___ Data supplied

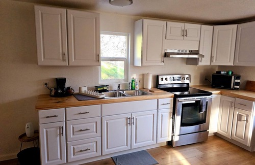 Welcome to this charming house in Clearlake Oaks. This beautiful property features 2 cozy bedrooms with queen beds, a well-equipped bathroom with a hairdryer, and all the essentials for a comfortable stay. Guests can relax in the lovely living area, take advantage of the WiFi, or enjoy the fresh air in the outdoor space. Whether you're looking for a peaceful retreat or a home base for exploring the area, this wonderful house has everything you need. Located just 3 mins drive from the Clear Lake Oaks public boat launch, this home offers convenience and comfort. Enjoy the kitchen's butcher block counters and laminate flooring, along with indoor laundry hookups. This property is set across the street from lake to maximize your views. Your family will be close to everything when you stay at this centrally-located place. Enjoy your time in Clearlake Oaks at our house.
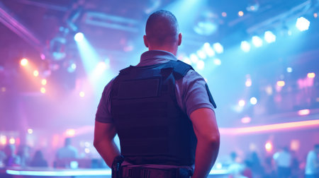 A security personnel stands watch in a vibrant nightclub, highlighting the energetic atmosphere filled with colorful lights, ensuring safety and enjoyment for all guests.
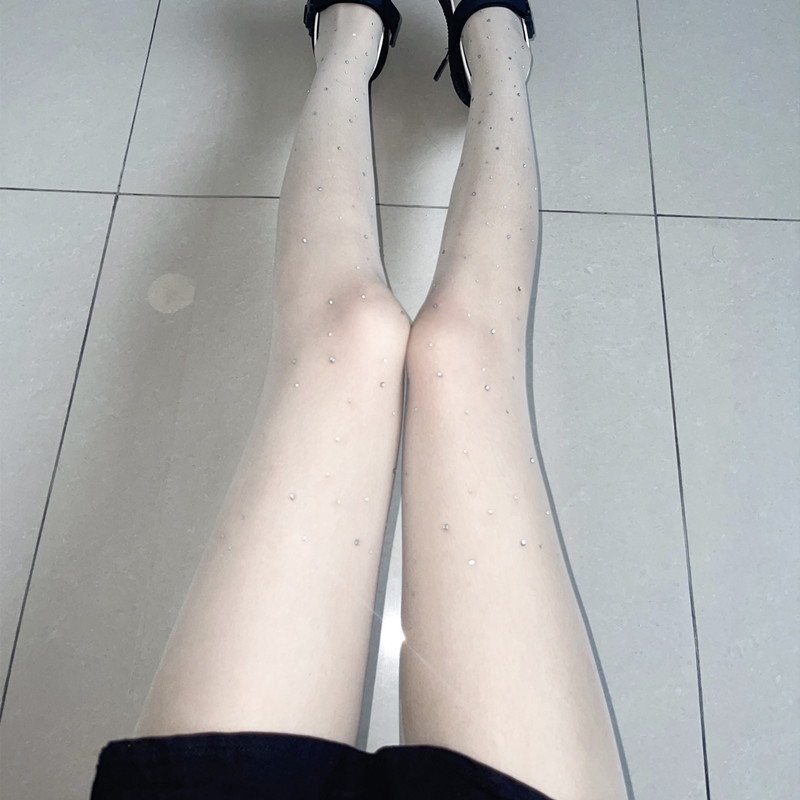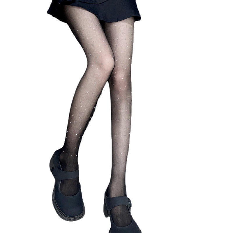 黑丝闪钻blingbling丝袜带钻性感辣妹薄款白袜防勾丝闪亮黑丝袜女
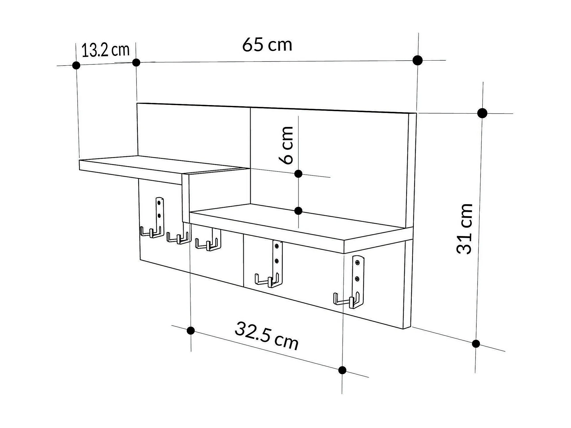 Dmora - Appendiabiti Kilo, 65x15 h31 cm, Quercia e Bianco
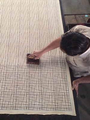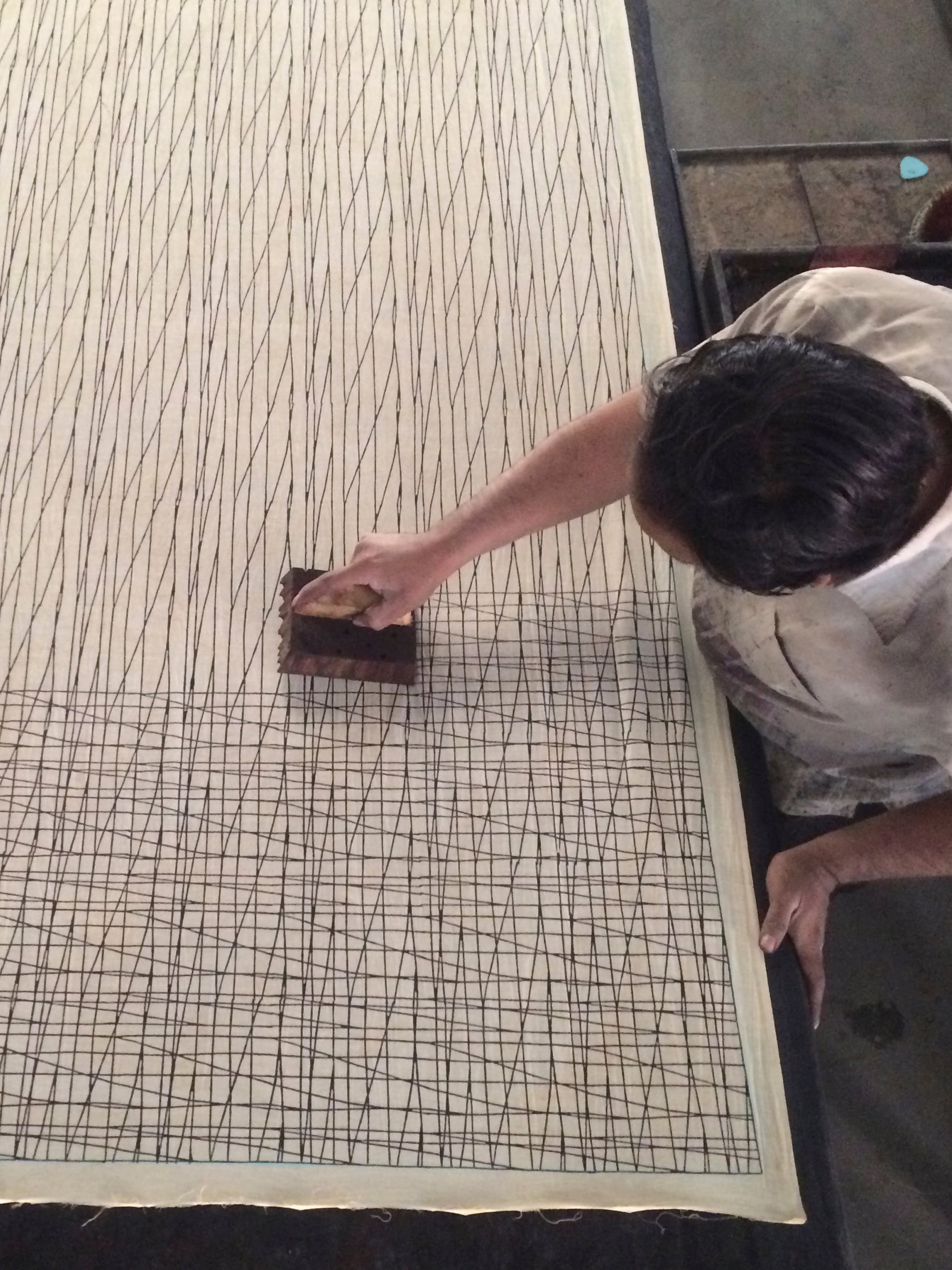 Ink spills and splashes on the cloth become a part of the printing process, making the most beautiful looks in all their perfections and flaws. I hope you love and enjoy the craftsmanship.
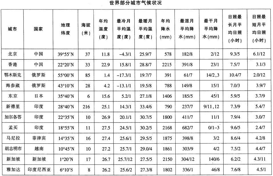 问题 [银行真题] 注:第6、7、9、10、11、12列中温度、降水和日照指标之后的数字表示特定的月份。 [材料要点]本题材料是一个具有一级标目的表格 标题:世界部分城市气候状况 单位:米、度、mm、小时 横标目:国家、地理纬度、海拔、平均温度、最冷月平均温度、最暖月平均温度、年平均降水等各气候状况指标 纵标目:北京、香港、鄂木斯克等十二个城市 [关注点]表格中数据繁多,要注意根据题干筛选数据,并注意各个指标的单位。 表中纬度第二高的城市.其日照最长月的平均日照时间约为日照最短月平均日照时间的几倍?() A.1.5倍 B.1.8倍 C.2.0倍 D.2.5倍
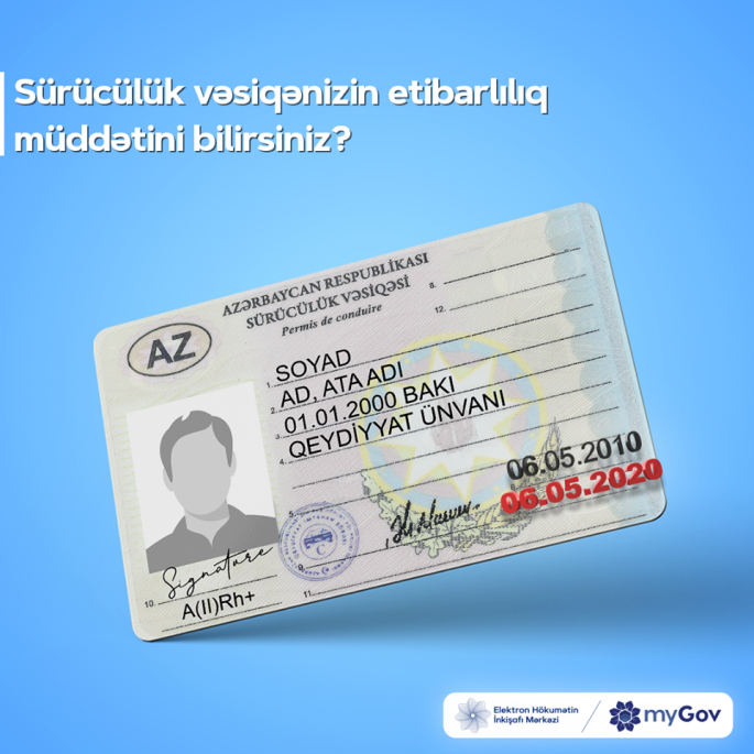 Bəzən sürücülər sürücülük vəsiqəsinin etibarlılıq müddətini unuda və yolda xoşagəlməz sürprizlə qarşılaşa bilər.Ens.az Avtosfer.az-a istinadən xəbər verir ki, lakin "myGov" portalında qeydiyyatdan keçməklə sürücülər özünü belə hallardan sığortalaya bilər. "myGov" portalında qeydiyyatdan keçdikdən sonra sürücülərə sürücülük vəsiqəsinin etibarlılıq müddəti haqqında aşağıdakı aralıqlarla bildirişlər göndəriləcək:

______

* What this task involves:
Drop the pictures and give every line above again exactly.

* Expected output:
 Welcome to this charming house in Clearlake Oaks. This beautiful property features 2 cozy bedrooms with queen beds, a well-equipped bathroom with a hairdryer, and all the essentials for a comfortable stay. Guests can relax in the lovely living area, take advantage of the WiFi, or enjoy the fresh air in the outdoor space. Whether you're looking for a peaceful retreat or a home base for exploring the area, this wonderful house has everything you need. Located just 3 mins drive from the Clear Lake Oaks public boat launch, this home offers convenience and comfort. Enjoy the kitchen's butcher block counters and laminate flooring, along with indoor laundry hookups. This property is set across the street from lake to maximize your views. Your family will be close to everything when you stay at this centrally-located place. Enjoy your time in Clearlake Oaks at our house.
 A security personnel stands watch in a vibrant nightclub, highlighting the energetic atmosphere filled with colorful lights, ensuring safety and enjoyment for all guests.
 黑丝闪钻blingbling丝袜带钻性感辣妹薄款白袜防勾丝闪亮黑丝袜女
 Dmora - Appendiabiti Kilo, 65x15 h31 cm, Quercia e Bianco
 Ink spills and splashes on the cloth become a part of the printing process, making the most beautiful looks in all their perfections and flaws. I hope you love and enjoy the craftsmanship.
 问题 [银行真题] 注:第6、7、9、10、11、12列中温度、降水和日照指标之后的数字表示特定的月份。 [材料要点]本题材料是一个具有一级标目的表格 标题:世界部分城市气候状况 单位:米、度、mm、小时 横标目:国家、地理纬度、海拔、平均温度、最冷月平均温度、最暖月平均温度、年平均降水等各气候状况指标 纵标目:北京、香港、鄂木斯克等十二个城市 [关注点]表格中数据繁多,要注意根据题干筛选数据,并注意各个指标的单位。 表中纬度第二高的城市.其日照最长月的平均日照时间约为日照最短月平均日照时间的几倍?() A.1.5倍 B.1.8倍 C.2.0倍 D.2.5倍
 Bəzən sürücülər sürücülük vəsiqəsinin etibarlılıq müddətini unuda və yolda xoşagəlməz sürprizlə qarşılaşa bilər.Ens.az Avtosfer.az-a istinadən xəbər verir ki, lakin "myGov" portalında qeydiyyatdan keçməklə sürücülər özünü belə hallardan sığortalaya bilər. "myGov" portalında qeydiyyatdan keçdikdən sonra sürücülərə sürücülük vəsiqəsinin etibarlılıq müddəti haqqında aşağıdakı aralıqlarla bildirişlər göndəriləcək:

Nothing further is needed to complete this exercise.